2. Determine how many strands of wire are needed to decrease the jet size
We need to know the cross sectional area (CSA)
of the original and the proposed jet sizes as this is what determines how
much fuel flows through the jet. (Refer to this this chart for the CSA of standard jets.) When we know the difference
between the two sizes, we can reduce the jet size by inserting strands of
fine wire in the jet. In the example above, we want to reduce the jet
size from a #170 (2.27mm2) to #160 (2.01mm2). 2.27mm2 - 2.01mm2 =
0.26mm2. #30 wire has a CSA of 0.0511mm2. 0.26mm2/0.051mm2 = 5
strands of #30 wire would be needed in the throat of the jet.
The addition of multiple strands of wire and the method to keep it in place will decrease the effective CSA of the original jet a bit more – about 15%. So, in the above example, try 4 strands of the #30 wire and see how the engine runs.
Generally, a single strand of #30 magnet wire will reduce the jet size by about 2 and #27 will reduce it by 5.
3. Add the wire to the jet
Carefully remove the main jet from the carburetor using a premium
screwdriver that has a perfectly flat blade or use one that has small
horizontal ridges up and down the tip, like Sears Craftsman screwdrivers.
Do NOT use the poor quality screwdrivers sold at auto supply stores.
Make sure the blade completely fills the slot of the jet (that it is exactly
the width and length of the slot). This way you will not strip the
slot when you remove the jet. Press the blade firmly into the slot and
just turn it a little. It should break free easily. If it does
not, apply a little WD40 or equivalent. If you have a micro-torch, you
can quickly heat the carburetor body for a few seconds.

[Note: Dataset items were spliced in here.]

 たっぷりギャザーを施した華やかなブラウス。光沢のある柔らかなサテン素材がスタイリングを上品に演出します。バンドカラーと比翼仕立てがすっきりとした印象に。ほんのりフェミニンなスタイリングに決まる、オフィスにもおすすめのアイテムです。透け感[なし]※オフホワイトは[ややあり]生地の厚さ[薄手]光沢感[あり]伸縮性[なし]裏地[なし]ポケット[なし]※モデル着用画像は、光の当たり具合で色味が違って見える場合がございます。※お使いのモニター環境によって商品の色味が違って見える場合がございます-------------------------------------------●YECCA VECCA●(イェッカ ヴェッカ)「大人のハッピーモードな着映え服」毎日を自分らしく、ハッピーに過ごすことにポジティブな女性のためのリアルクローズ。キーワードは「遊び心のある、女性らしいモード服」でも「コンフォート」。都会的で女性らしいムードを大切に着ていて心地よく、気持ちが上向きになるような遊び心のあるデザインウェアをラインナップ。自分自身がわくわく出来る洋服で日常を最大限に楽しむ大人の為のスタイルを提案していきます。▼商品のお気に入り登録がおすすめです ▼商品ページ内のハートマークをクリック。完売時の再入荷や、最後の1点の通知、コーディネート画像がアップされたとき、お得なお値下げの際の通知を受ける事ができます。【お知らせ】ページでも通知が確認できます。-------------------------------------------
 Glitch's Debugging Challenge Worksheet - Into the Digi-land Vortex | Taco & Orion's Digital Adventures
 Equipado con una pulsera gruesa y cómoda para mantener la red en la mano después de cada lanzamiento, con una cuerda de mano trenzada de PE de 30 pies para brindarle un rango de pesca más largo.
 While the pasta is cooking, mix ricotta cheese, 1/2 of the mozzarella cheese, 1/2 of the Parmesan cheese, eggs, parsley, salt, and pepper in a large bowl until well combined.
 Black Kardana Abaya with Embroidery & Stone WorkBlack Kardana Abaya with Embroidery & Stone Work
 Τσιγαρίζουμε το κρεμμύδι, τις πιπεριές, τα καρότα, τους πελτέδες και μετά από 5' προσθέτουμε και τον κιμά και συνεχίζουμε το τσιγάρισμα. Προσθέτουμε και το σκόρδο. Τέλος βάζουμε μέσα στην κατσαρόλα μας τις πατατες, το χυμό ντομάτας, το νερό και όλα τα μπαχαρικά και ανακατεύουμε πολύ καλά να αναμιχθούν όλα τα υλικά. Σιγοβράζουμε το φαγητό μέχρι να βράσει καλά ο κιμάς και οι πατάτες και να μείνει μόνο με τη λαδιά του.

Note which side of the jet housing has the most space. Usually, the jet screws into a hollow space that has less clearance than the top of the jet housing. However, with the Walbro, the diaphragm is right above the jet so the greater clearance is below the jet in the housing.
The arrow in the photo below points to the main jet in a Walbro. (Note that some Walbro's have an adjustable main jet, unlike here.) If you look carefully you can see the loop of magnet wire coming out of the top of the jet.
Below is the main jet from the Walbro above with 2 strands of magnet wire. The loop is just visible in the upper left and is folded down next to the jet. If it had been only a single strand that was needed, there would be coils at both ends. The coils (about 1 mm in diameter) are visible to the lower right. They should be centered over the hole in the jet.
Cut about 1½” of the wire needed so you have slack to work with. If it is more than one strand, cut enough of the wire so that it will make loops that are about 1½” long as in the photo below. This modification required 2 strands of wire. The loop end, in this case, will be placed at the particular end of the jet that has minimum space.
If it is only a single strand, you must first make a coil at one end similar to the photo below by using a small drill bit (1/32” or smaller) or a toothpick. If 2 wires are needed, you won't have to do this as the loop will keep the wire from slipping out at that end. Now, feed the wire through the jet. Take the wire that is now coming out and wrap it around the drill bit a few times. You can work the wire so that the coils are tight and close to the jet opening. Remove the bit. In the photo below, there would ordinarily be a jet between the coils and the loop but it is not shown here for clarity.
Use a very fine pair of wire cutters to trim all but 1 or 2 coils from the wire.
CAREFULLY re-install the jet back into the carburetor.
The blade tip of the screwdriver can be manipulated around the magnet wire
with care so that the blade does not cut the wire. If necessary, use a
slightly smaller screwdriver. Make sure that the wire does not get
caught in the threads while inserting the jet into the carburetor housing.
If you ever have to go back to the original jet size, it’s easy to fix. If you make a mistake, just start over.
Test run the engine to be sure that you have not leaned out the mixture too far. Be sure not exceed the CHT of the engine.